— Подлей винца, Мокеюшка, доброму хозяину, ‑ умильно проговорил Калистрат.
— У‑у, дьявол! ‑ зло воскликнул Капуста, и, оттолкнув от себя тщедушного приказчика, приложился прямо к ендове.
"Век живу, а таких питухов не видывал. Горазд, однако, сердешный, до зелена винца", ‑ подумал Калистрат, доедая калач на коровьем масле.
Осушив ендову, Митрий Флегонтыч смачно крякнул, сунул в рот соленый огурец и тяжело грохнулся на лавку. Задрав густую курчавую бороду на киот, промычал в полусне:
— Ступайте прочь в чертово пекло…
Калистрат и челядинцы перекрестились и встали из‑за стола. В горнице повис густой богатырский храп. Над Капустой склонилась Фетинья, прикрыла пестрядиным[60] кафтаном, участливо завздыхала:
— Умаялся, горемычный. Теперь уж до утра не поднимется. Намедни в буйство впал, дворню всю перепорол, девок изобидел. Натерпелись страху…
— Велика ли дворня у Митрия Флегонтыча? ‑ полюбопытствовал приказчик.
— Какое там, батюшка. В холопах трое, две девки да я вот, раба старая.
Вышли во двор. Возле конюшни, надвинув дырявый колпак на глаза, дремал на куче соломы коротконогий рыжеватый мужик в пеньковых портах и без рубахи.
— Эгей, сердешный! ‑ окликнул дворового приказчик.
Мужик смахнул колпак с головы и нехотя поднялся. Переминаясь с ноги на ногу, позевывая, спросил, вглядываясь с сухощавого старичка в суконном кафтане:
— Чего надобно?
— Из холопей сам будешь или мужик пашенный?

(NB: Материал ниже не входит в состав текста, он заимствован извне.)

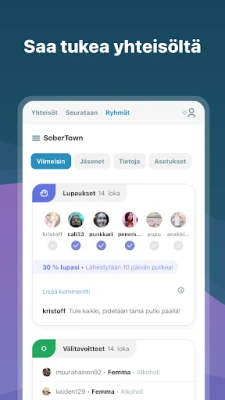 Yhteisö I Am Soberissa on korvaamaton tuki. Seuraa vieroitusoireiden aikajanaa, joka tarjoaa näkemystä odotettavissa olevista vaiheista ja antaa sinun jakaa omia kokemuksiasi muiden kanssa, valmistautuen tuleviin haasteisiin. Voit räätälöidä I Am Soberin täysin omien tarpeidesi mukaiseksi – aseta omat aikarajasi, määrittele raittiussyntymäpäiväsi ja valitse juuri sinulle sopiva motivointitapa. Räätälöity kokemus tekee toipumisestasi entistä henkilökohtaisemman ja tehokkaamman. I Am Sober tarjoaa jo itsessään kattavan työkalupakin, mutta ne, jotka etsivät vielä syvempää tukea ja lisäominaisuuksia, voivat löytää Sober Plus -tilauksesta entistäkin monipuolisempia mahdollisuuksia matkansa varrelle.
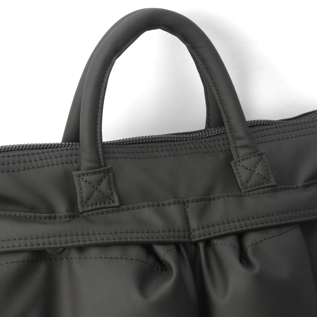 防水・防汚性能に優れたラバーライクなPU素材を採用。急な雨や雪の日でもケアしやすく扱いやすい素材です。マットな質感で、ビジネスシーンでも活用していただける上品さを持ち合わせています。
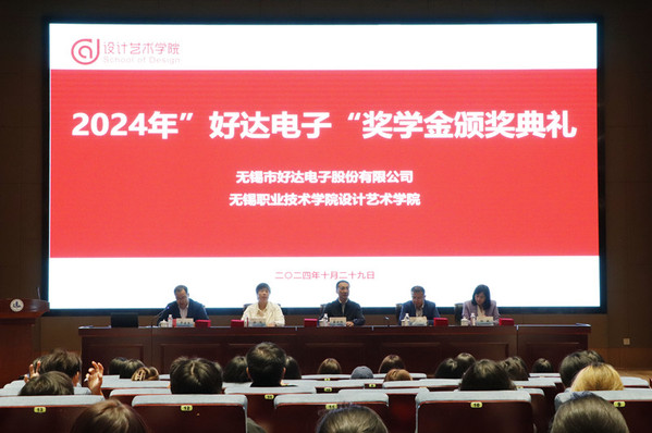 10月29日下午,设计艺术学院在厚德楼一楼报告厅举行2024年度“好达电子”奖学金颁奖仪式。校党委书记龚方红、无锡市好达电子股份有限公司人力资源总监冯卓、学生工作处处长徐悦、设计艺术学院相关负责人、获奖学生以及各年级学生代表出席颁奖典礼。

— Старожилец я безлошадный, ‑ почесываясь, ответил мужик.
— Отчего не в поле, а у господина во дворе валяешься, сердешный?
— А чо мне в поле делать? Нет у меня ни сохи, ни жита. Надумал к Митрию Флегонтычу челом ударить да в холопы записаться. Может, возьмет к себе за харчи, а я ему хоромы подновлю. Топором я поиграть любитель. Вот и жду. Да государь наш все во хмелю, недосуг ему меня принять.
— Из тяглых крестьян в холопы идти нельзя, сердешный. Кто же на государя оброк будет нести? Царь дозволил в холопы к господам набирать только вольных людишек, ‑ строго вымолвил приказчик.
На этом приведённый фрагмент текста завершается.